### ABOUT THIS TASK
Retype each line below precisely and omit all images.

### GIVEN DATA
BEGIN

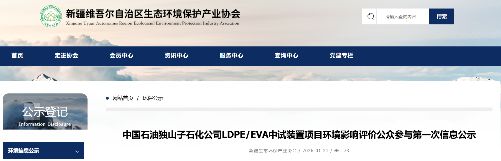 1月21日,新疆维吾尔自治区生态环境保护产业协会发布公告,中国石油独山子石化公司LDPE/EVA中试装置项目环境影响评价公众参与第一次信息公示。
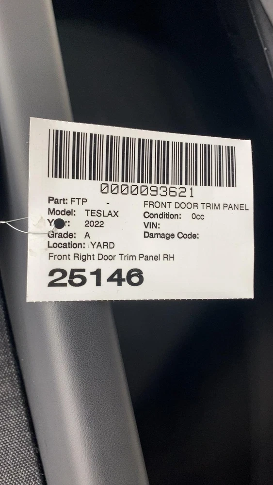 Donut Auto Dismantling Donut Auto Dismantling Rancho Cordova, CA Business Hours (PST/PDT) Mon - Fri 8am - 5pm Closed Sat & Sun Front Door Trim Panel Year: 22 Model: TESLA X Side: Right Type: Used Category: ND Condition: 0cc Vehicle Stock #: 25146 Part Stock #: 0000093621 Additional notes: Front Right Door Trim Panel Rh Interchange: Also fits: Search for more parts from this donor vehicle Search for more parts for TESLA X Dear Valued Customers Before ordering, please verify the part number and compare the physical details of your part with the photos in our listing. Tesla sometimes changes parts within the same model year, so even if the year matches, variations may exist. Examine all photos and read the description. Please contact us and ask any questions you have about the item. What you see in the pictures is what you will receive. Item are sold as Pictured in our ads, All the damages are marked in pictures with colored markings ........ indicated scratches, O indicate dents/dings view all photos and description. All Parts come with a 60-Day warranty Compatibility We are not responsible for compatibility, please order parts with the same part number to avoid delays and fitment issues in your purchase. Always verify O.E.M part numbers check fitment. Shipping & Return Policy For LTL and freight shipments: Please inspect an item before signing. For LTL and freight shipments of large items like Battery Packs, Seats, Doors, Trunks, Hoods, and other sizable body parts, a commercial address is mandatory . This must be a business equipped with a dock or forklift. Please note that deliveries cannot be made to restaurants, office buildings, or hotels. Please allow 5-11 business days from the shipping date to receive freight items. If a forklift is not available to unload your package, please ensure that you added liftgate service fee to your order. Residential deliveries have an extra charge required by LTL to cover liftgate usage and city ordinance. Be advised not all LTL freight companies offer lift gate services in every town especially in rural areas. If you do not have a commercial address or a proper residential address reach out to us to work things out LTL items can always be held at your local hub and made available for pickup. We offer free local pickup Monday through Friday, from 8:00 AM to 5:00 PM. What separates us from our competitors As Pioneers in the Tesla used parts market Donut Auto Parts is leading in the industry. We have been specializing in Tesla's for over 5 years. Our Staff are highly trained and experienced Tesla specialists. We strive to help you solve all your part needs. Local Customers For our local customers we provide installation on battery packs and drive units purchase. Drive unit and battery pack installations come with a 60 day warranty . All parts are fully tested. Using the industries leading tools, we also provide installation of other parts. Please reach out to us directly for more information. Be Advised Programming may be required for most electronic components. Donut Auto Parts is not responsible for any labor costs and other charges such as programming. NO RESTOCKING FEE Payment Payment must be submitted within 48 hours after purchase time. We have a Same handling time when paid by 2pm pst and 3-day handling time for LTL freight items. Feedback and Rating We always Strive to earn positive feedback. If you encounter an issue with one of our items, please contact us before leaving any feedback or opening a case give us the opportunity to solve your order issue. We strive to provide excellent customer service to ensure that everyone is satisfied, and to gain happy and returning customers! ALLOW US TO RESOLVE ISSUES BEFORE LEAVING YOUR FEEDBACK PLEASE CONTACT US FIRST Airbag Notification If the item above is an airbag, I certify this airbag is not subject to recall and will be shipped in accordance with hazmat shipping requirements . Powered by Checkmate
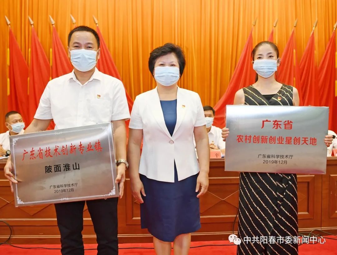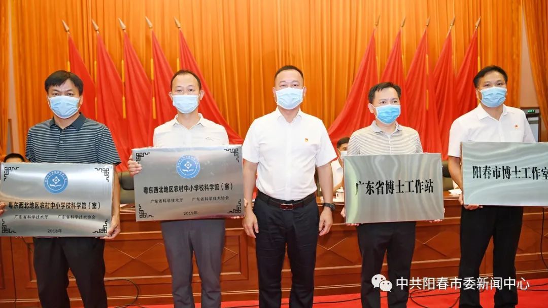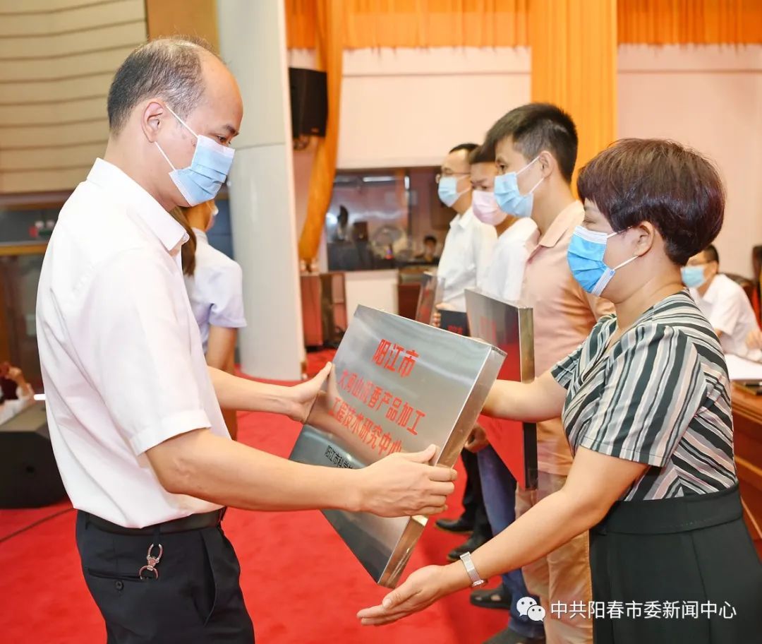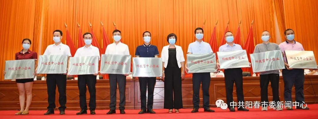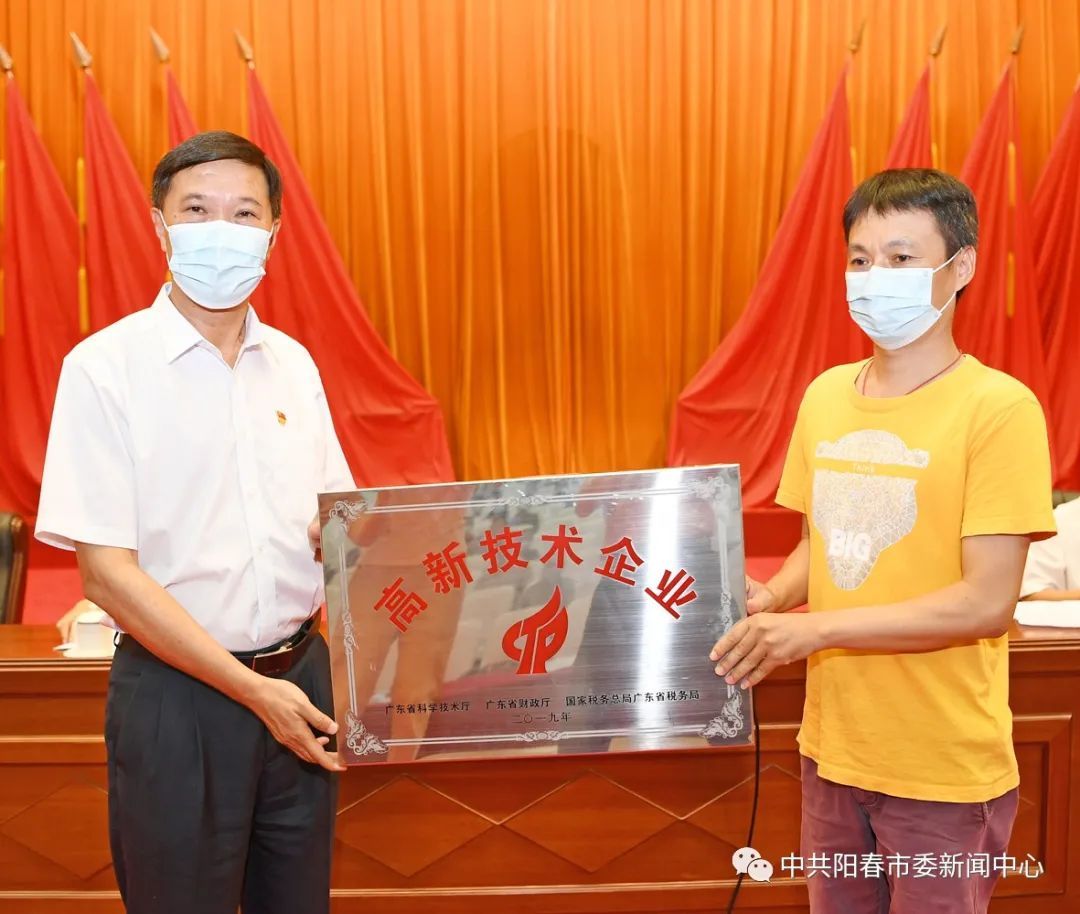 阳春市领导陈平、李宗瑞、余秀坤、陆雪、黄华记、陈希怀、陈华清为阳春市2019年度荣获国家、省、阳江市高新技术企业,广东省工程技术研究中心,科技型中小企业等9类共28家企业、机构授牌。

END

### TASK OUTPUT
 1月21日,新疆维吾尔自治区生态环境保护产业协会发布公告,中国石油独山子石化公司LDPE/EVA中试装置项目环境影响评价公众参与第一次信息公示。
 Donut Auto Dismantling Donut Auto Dismantling Rancho Cordova, CA Business Hours (PST/PDT) Mon - Fri 8am - 5pm Closed Sat & Sun Front Door Trim Panel Year: 22 Model: TESLA X Side: Right Type: Used Category: ND Condition: 0cc Vehicle Stock #: 25146 Part Stock #: 0000093621 Additional notes: Front Right Door Trim Panel Rh Interchange: Also fits: Search for more parts from this donor vehicle Search for more parts for TESLA X Dear Valued Customers Before ordering, please verify the part number and compare the physical details of your part with the photos in our listing. Tesla sometimes changes parts within the same model year, so even if the year matches, variations may exist. Examine all photos and read the description. Please contact us and ask any questions you have about the item. What you see in the pictures is what you will receive. Item are sold as Pictured in our ads, All the damages are marked in pictures with colored markings ........ indicated scratches, O indicate dents/dings view all photos and description. All Parts come with a 60-Day warranty Compatibility We are not responsible for compatibility, please order parts with the same part number to avoid delays and fitment issues in your purchase. Always verify O.E.M part numbers check fitment. Shipping & Return Policy For LTL and freight shipments: Please inspect an item before signing. For LTL and freight shipments of large items like Battery Packs, Seats, Doors, Trunks, Hoods, and other sizable body parts, a commercial address is mandatory . This must be a business equipped with a dock or forklift. Please note that deliveries cannot be made to restaurants, office buildings, or hotels. Please allow 5-11 business days from the shipping date to receive freight items. If a forklift is not available to unload your package, please ensure that you added liftgate service fee to your order. Residential deliveries have an extra charge required by LTL to cover liftgate usage and city ordinance. Be advised not all LTL freight companies offer lift gate services in every town especially in rural areas. If you do not have a commercial address or a proper residential address reach out to us to work things out LTL items can always be held at your local hub and made available for pickup. We offer free local pickup Monday through Friday, from 8:00 AM to 5:00 PM. What separates us from our competitors As Pioneers in the Tesla used parts market Donut Auto Parts is leading in the industry. We have been specializing in Tesla's for over 5 years. Our Staff are highly trained and experienced Tesla specialists. We strive to help you solve all your part needs. Local Customers For our local customers we provide installation on battery packs and drive units purchase. Drive unit and battery pack installations come with a 60 day warranty . All parts are fully tested. Using the industries leading tools, we also provide installation of other parts. Please reach out to us directly for more information. Be Advised Programming may be required for most electronic components. Donut Auto Parts is not responsible for any labor costs and other charges such as programming. NO RESTOCKING FEE Payment Payment must be submitted within 48 hours after purchase time. We have a Same handling time when paid by 2pm pst and 3-day handling time for LTL freight items. Feedback and Rating We always Strive to earn positive feedback. If you encounter an issue with one of our items, please contact us before leaving any feedback or opening a case give us the opportunity to solve your order issue. We strive to provide excellent customer service to ensure that everyone is satisfied, and to gain happy and returning customers! ALLOW US TO RESOLVE ISSUES BEFORE LEAVING YOUR FEEDBACK PLEASE CONTACT US FIRST Airbag Notification If the item above is an airbag, I certify this airbag is not subject to recall and will be shipped in accordance with hazmat shipping requirements . Powered by Checkmate
 阳春市领导陈平、李宗瑞、余秀坤、陆雪、黄华记、陈希怀、陈华清为阳春市2019年度荣获国家、省、阳江市高新技术企业,广东省工程技术研究中心,科技型中小企业等9类共28家企业、机构授牌。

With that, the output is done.